The Web dwells in a never-ending present. It is—elementally—ethereal, ephemeral, unstable, and unreliable. Sometimes when you try to visit a Web page what you see is an error message: “Page Not Found.” This is known as “link rot,” and it’s a drag, but it’s better than the alternative. More often, you see an updated Web page; most likely the original has been overwritten. (To overwrite, in computing, means to destroy old data by storing new data in their place; overwriting is an artifact of an era when computer storage was very expensive.) Or maybe the page has been moved and something else is where it used to be. This is known as “content drift,” and it’s more pernicious than an error message, because it’s impossible to tell that what you’re seeing isn’t what you went to look for: the overwriting, erasure, or moving of the original is invisible.

I wonder if a lot of what drives me is the fight against ethereality.  Maybe what's important is not physicality or tangibility in themselves, but a kind of stability and "reliable existence" which physicality happens to provide.

[now]

I was reminded of the response I gave to Hesam's skepticism of the OOPSLA talk:

To rephrase my question now: My comment was not about the earlier parts of your talk. It is more about the parts you start showing sketches with visualizations
in the physical world: walking in the museum, lecturing with props, a book as a building space, etc. What I’m saying is that it is not clear that the best “medium”/
"representation” to perceive concept C necessarily has to be a tangible thing in the physical world.

Those representations from the earlier part of the talk would not have been possible without the invention of writing.  And writing is exactly an instance of this thing that you are so skeptical of -- turning an ephemeral mental concept into a "tangible thing in the physical world".

That shift -- from speech and memory, through lists and tables and mnemonics, to written language -- is I guess the primary example of anti-ephemeralization, where thought itself went from being ethereal and fleeting to having a stable, reliable, pointable existence.

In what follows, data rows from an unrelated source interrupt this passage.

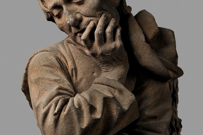 Textilien, Haut und Haar sind differenziert. Entstanden ist die halbfigurige Skulptur in Straßburg vor 1467.
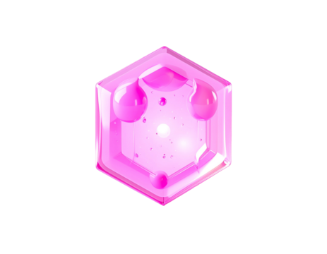 A glowing, pink hexagonal jewel with internal liquid droplets against black
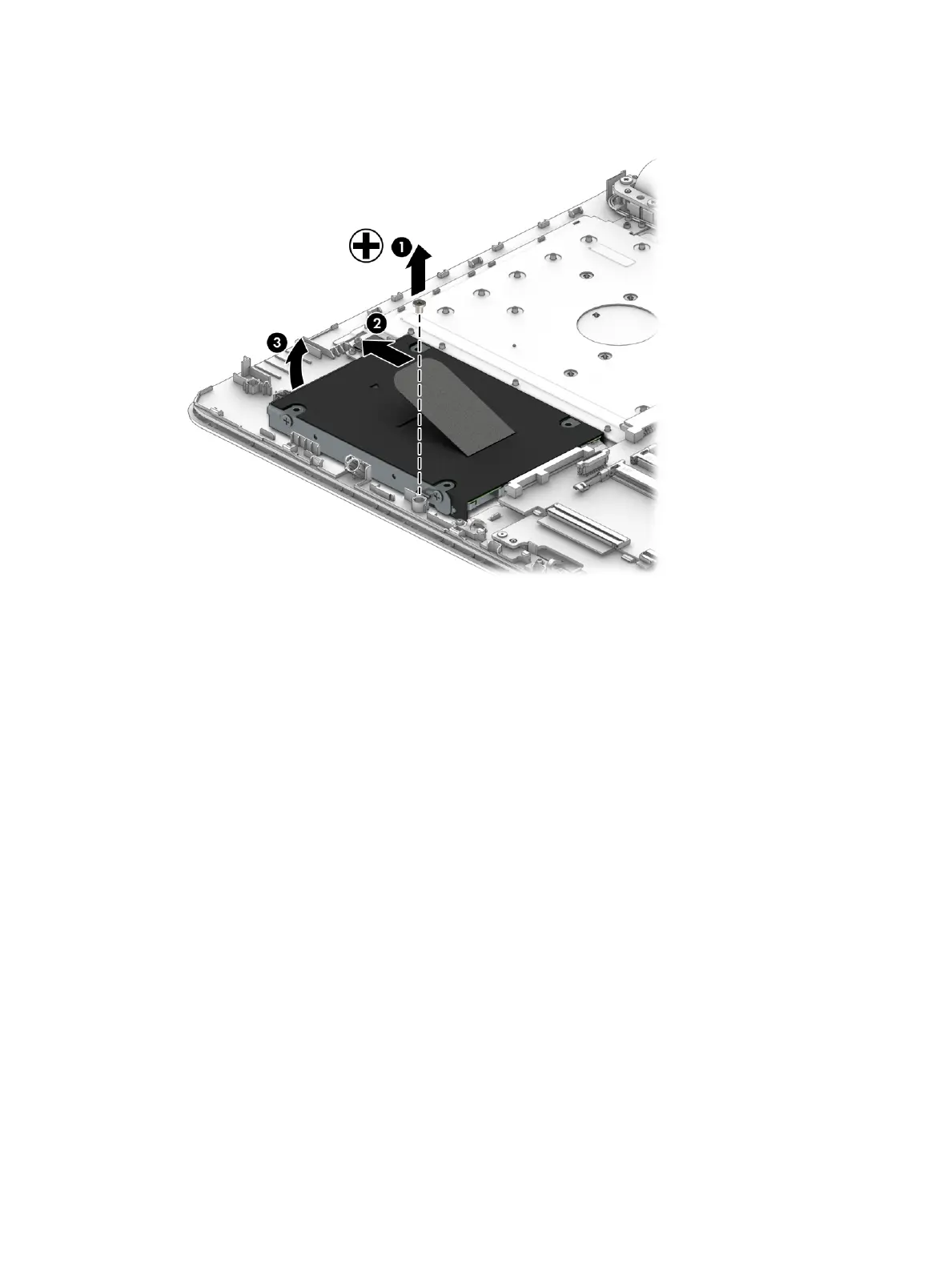 2. Pull the hard drive assembly away from connector (2), and the remove the hard drive assembly from the
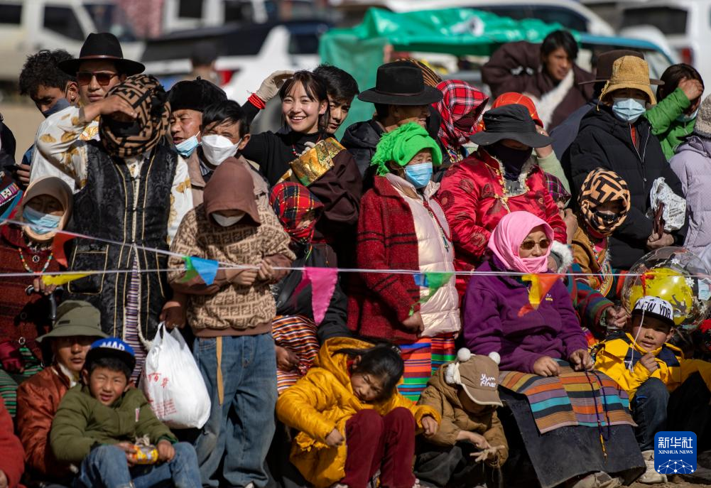 丹增(中)在森布日生態搬遷安置點觀看賽馬(2024年1月24日攝)。新華社 薑帆 攝
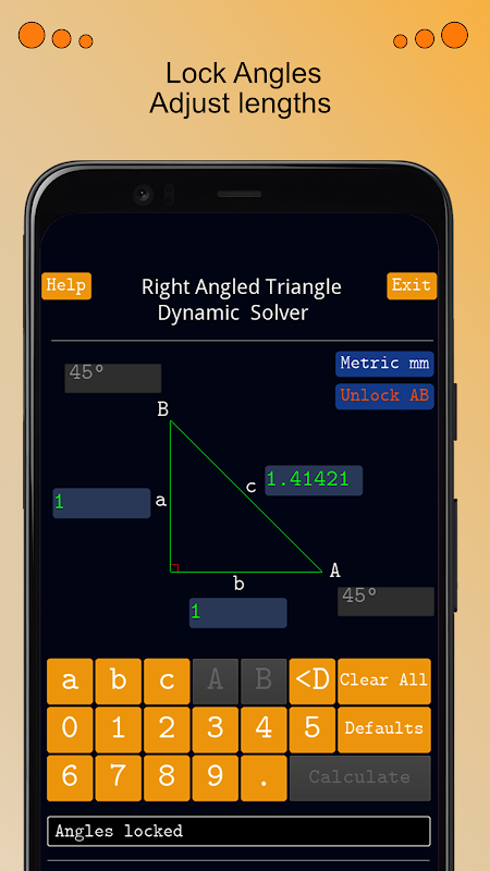 Konwerter kątów umożliwia wprowadzanie stopni lub radianów oraz konwersję do i ze stopni, minut i sekund. Otrzymaną wartość można przenieść do trójkątnych pól obliczeniowych.
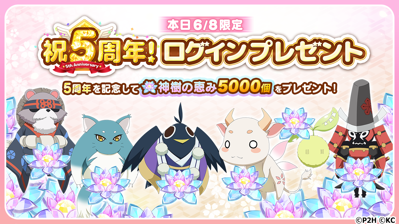 更に、5周年当日の2022年6月8日(水)0:00〜 23:59にログインすると、なんと!「神樹の恵み5,000個」をプレゼント!!この機会を是非お見逃しなく!!
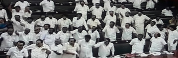 The Speaker ordered the eviction of all the DMK MLAs present when the DMK Members lost control and lodged a loud protest after ruling AIADMK MLAs took a dig at DMK leader MK Stallin for his “Namakku Naame” campaign ahead of the Assembly polls across all 234 assembly constituencies that failed to bring electoral dividends for his party.

I think that what my instincts might be reacting to is that virtual representations (such as windows on a screen) feel like they have a "slippery" character similar to speech and memory.  (Where is a word after it's been spoken?  Where is a window after it's been closed?)  But it's non-obvious, because we are used to the dichotomy of "memory is internal; writing is externalized", and we assign virtual representations to the "externalized" bin and assume they therefore provide the same benefits as writing.  And they do to a certain extent.  

But maybe the more appropriate dichotomy is not "internal vs externalized", but "slippery vs stable".  (Not sure of the right words here.)  Whether the representation is "speech-like" or "writing-like":

speech-like -- synthesized on demand and dissipated afterwards, persisting not in any "place" but just as an observer's memory of an event
writing-like -- having an independent continuing existence in a location

Maybe "persistent" representations are what I'm going for.